Rhytidectomy
A facelift, technically known as a rhytidectomy 'wrinkle', and ἐκτομή 'excision', the surgical removal of wrinkles), is a type of cosmetic surgery procedure intended to give a more youthful facial appearance. There are multiple surgical techniques. Surgery usually involves the removal of excess facial skin, with or without the tightening of underlying tissues, and the redraping of the skin on the patient's face and neck. Surgical facelifts are effectively combined with eyelid surgery and other facial procedures and are typically performed under general anesthesia or deep twilight sleep.
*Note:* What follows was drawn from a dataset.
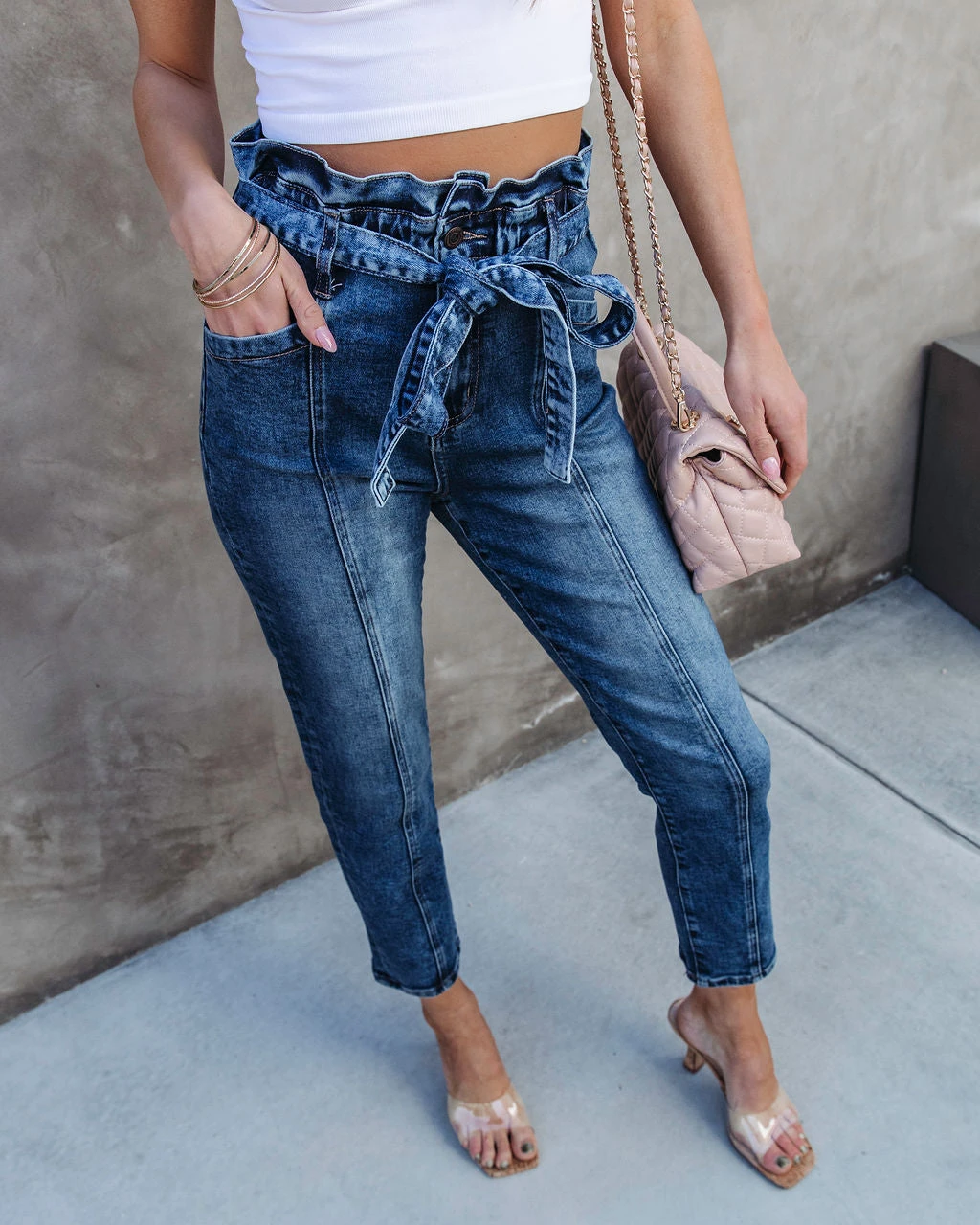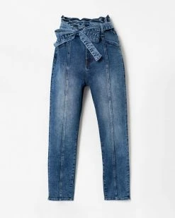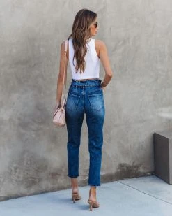 Trendy babes will love the Isabella High Rise Belted Mom Jeans in dark wash that feature a relaxed fit.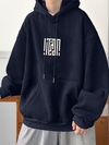 Manfinity Homme 男士字母和抽象印花休闲保暖连帽衫,适合秋冬季节,长袖上衣

According to the most recent American Society for Aesthetic Plastic Surgery facelifts were the third most popular aesthetic surgery in 2019, surpassed only by rhinoplasty and blepharoplasty.
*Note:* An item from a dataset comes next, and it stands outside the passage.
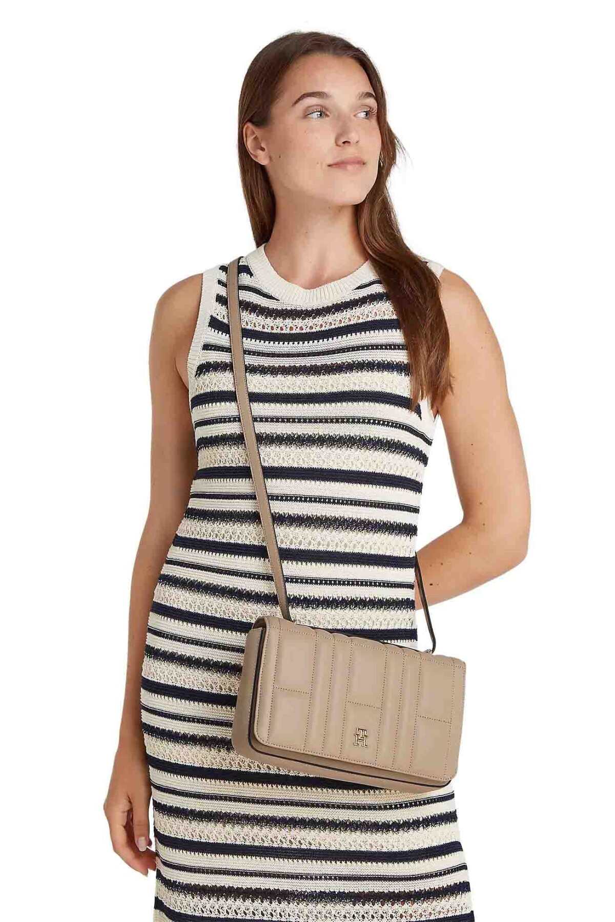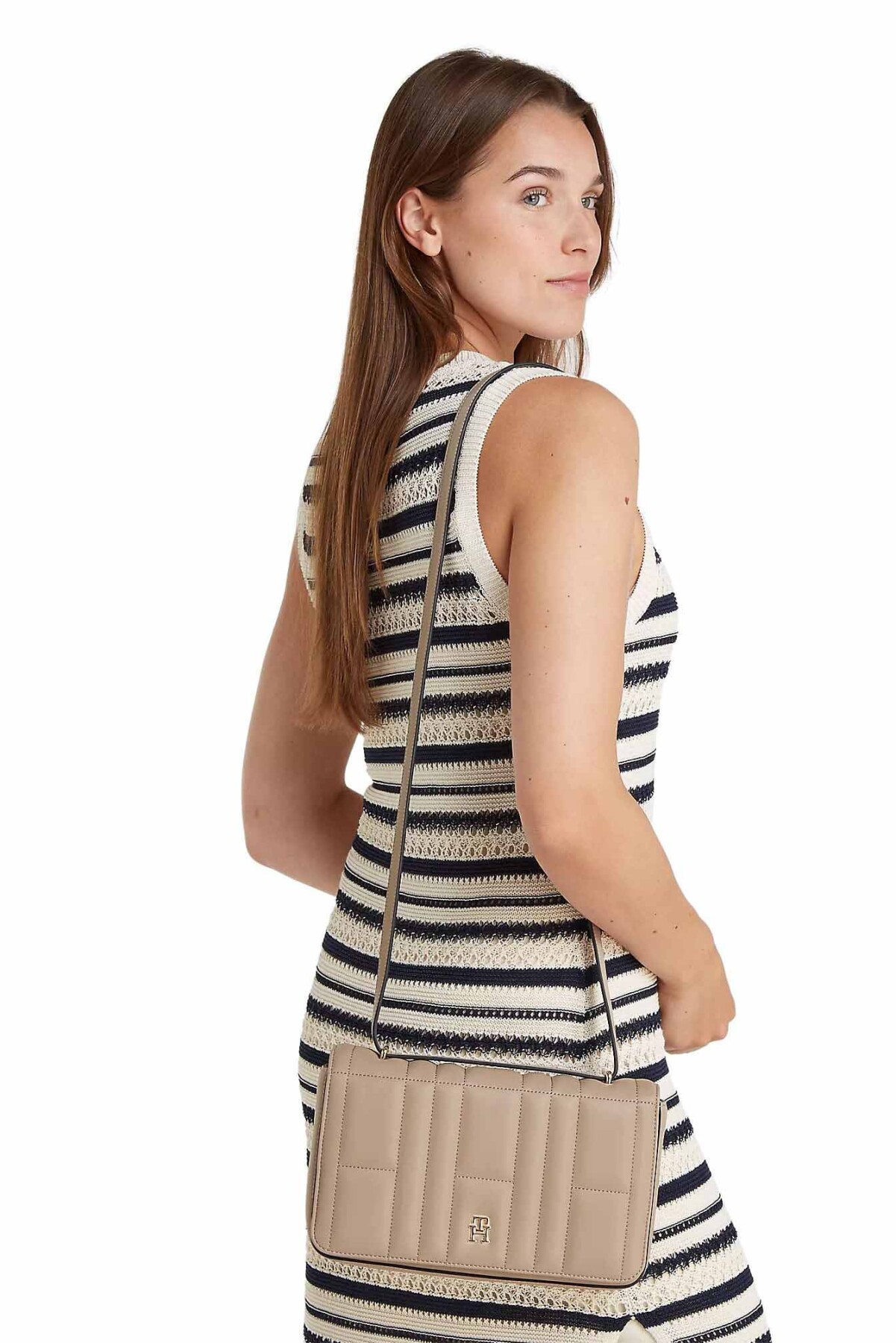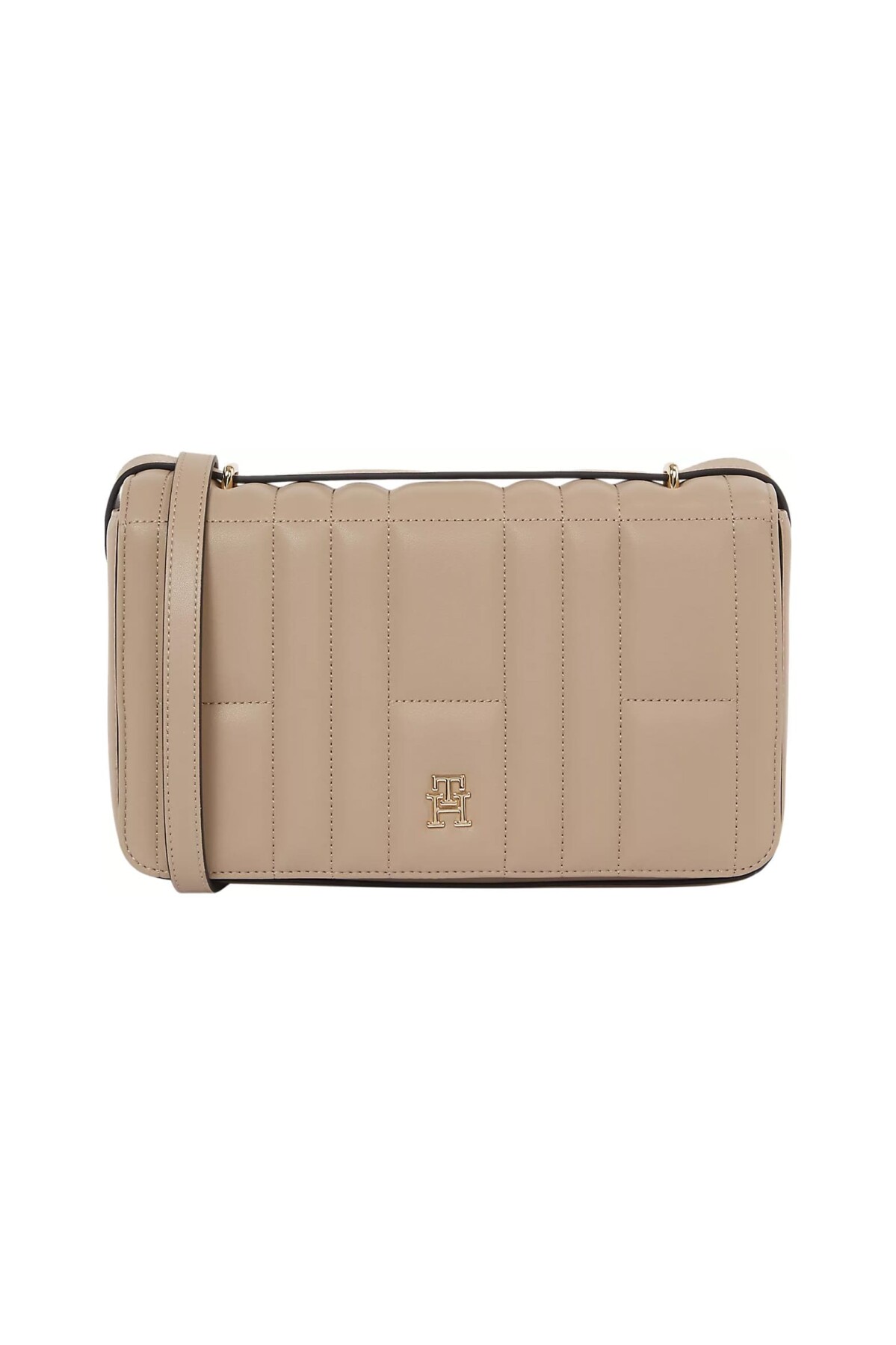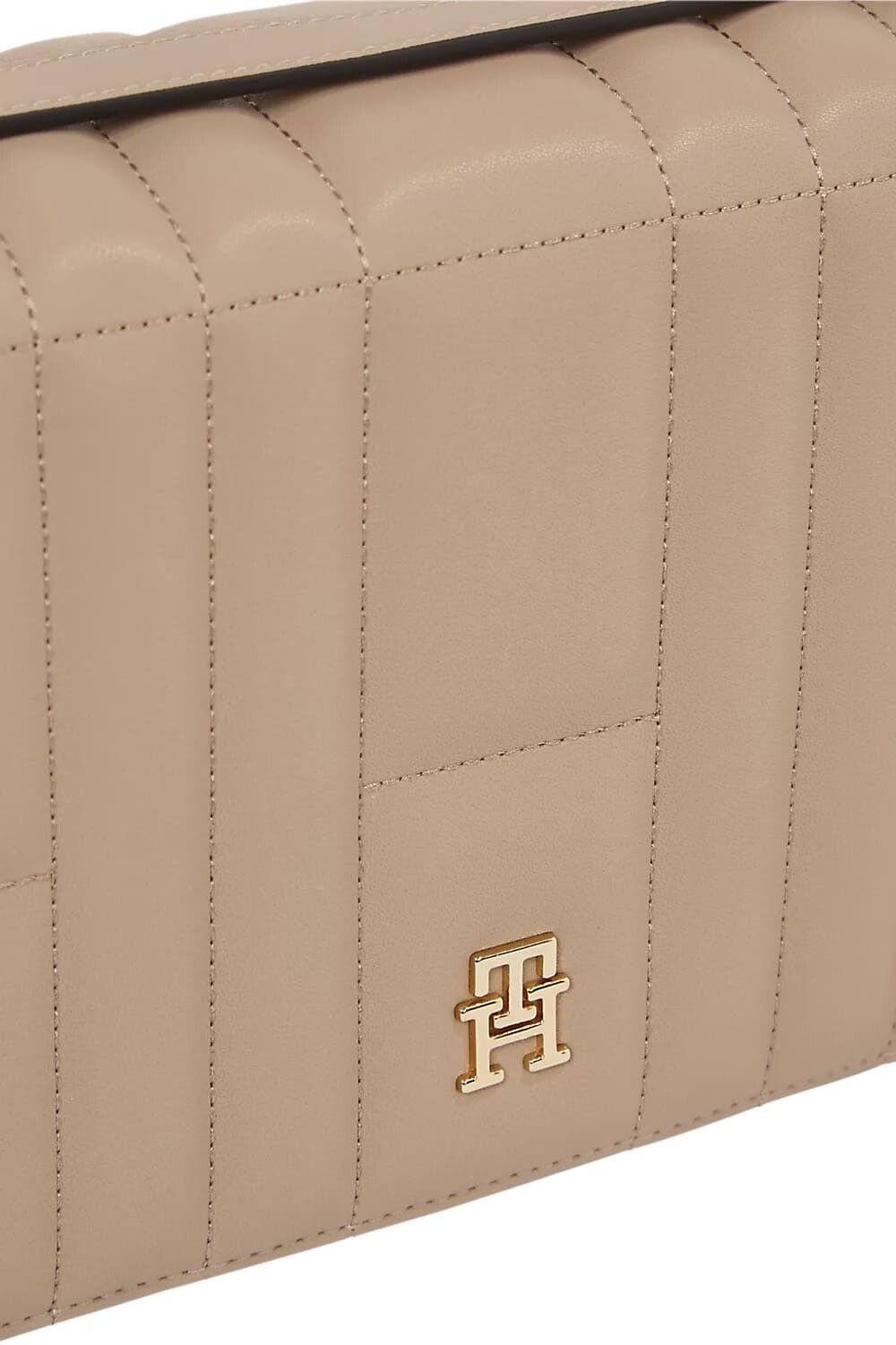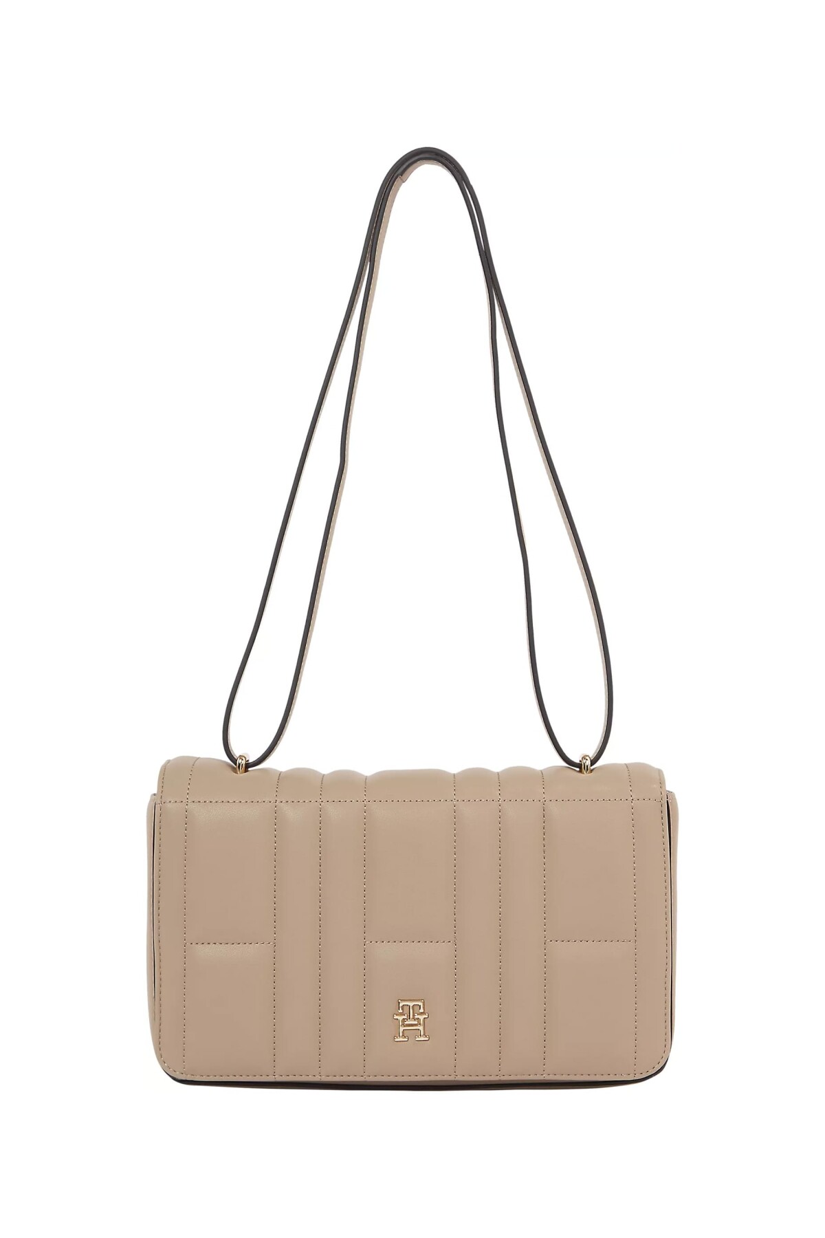 Zarif ve sade görünümüyle günlük ve özel gün kombinlerine kolayca uyum sağlayan bu kapitone omuz çantası, altın renkli TH logosu ve şık tasarımıyla stilinizi tamamlar.

Cost varies by country where surgery is performed. Prices were quoted ranging from US$2,500 to US$15,000 as of 2008. Costs in Europe mostly ranged £4,000–£9,000 as of 2009.
History
Cutaneous period (1900–1970)
In the first 70 years of the 20th century, facelifts were performed by pulling on the skin on the face and cutting the loose parts off. The first facelift was reportedly performed by Eugen Holländer in 1901 in Berlin. An elderly Polish female aristocrat asked him to: "lift her cheeks and corners of the mouth". After much debate, he finally proceeded to excise an elliptical piece of skin around the ears. The first textbook about facial cosmetic surgery was written by Charles Miller entitled The Correction of Featural Imperfections.In the First World War, the Dutch surgeon Johannes Esser made one of the most famous discoveries in the field of plastic surgery to date, namely the "skin graft inlay technique," the technique was soon used on both English and German sides in the war. At the same time, the British plastic surgeon Harold Delfs Gillies used the Esser-graft to school all those who flocked towards him who wanted to study under him. That's how he earned the name "Father of 20th Century Plastic Surgery". In 1919, Dr Passot was known to publish one of the first papers on face-lifting, this consisted mainly of the elevating and redraping of the facial skin. After this, many others began to write papers on face-lifting in the 1920s. From then, the aesthetic surgery was being performed on a large scale, form the basis of the reconstructive surgery. The first female plastic surgeon, Suzanne Noël, played a large role in its development and she wrote one of the first books about aesthetic surgery named Chirurgie Esthetique, son rôle social.
SMAS period (1970–1980)
In 1968, Tord Skoog introduced the concept of subfacial dissection, therefore providing suspension of the stronger deeper layer rather than relying on skin tension to achieve his facelift. In 1976, Mitz and Peyronie described the anatomical Superficial Musculoaponeurotic System, or SMAS, a term coined by Paul Tessier, Mitz and Peyronie's tutor in craniofacial surgery, after he had become familiar with Skoog's technique. After Skoog died of a heart attack, the superficial muscular aponeurotic system concept rapidly emerged to become the standard face-lifting technique, which was the first innovative change in facelift surgery in over 50 years.Deep plane period (1980–1991)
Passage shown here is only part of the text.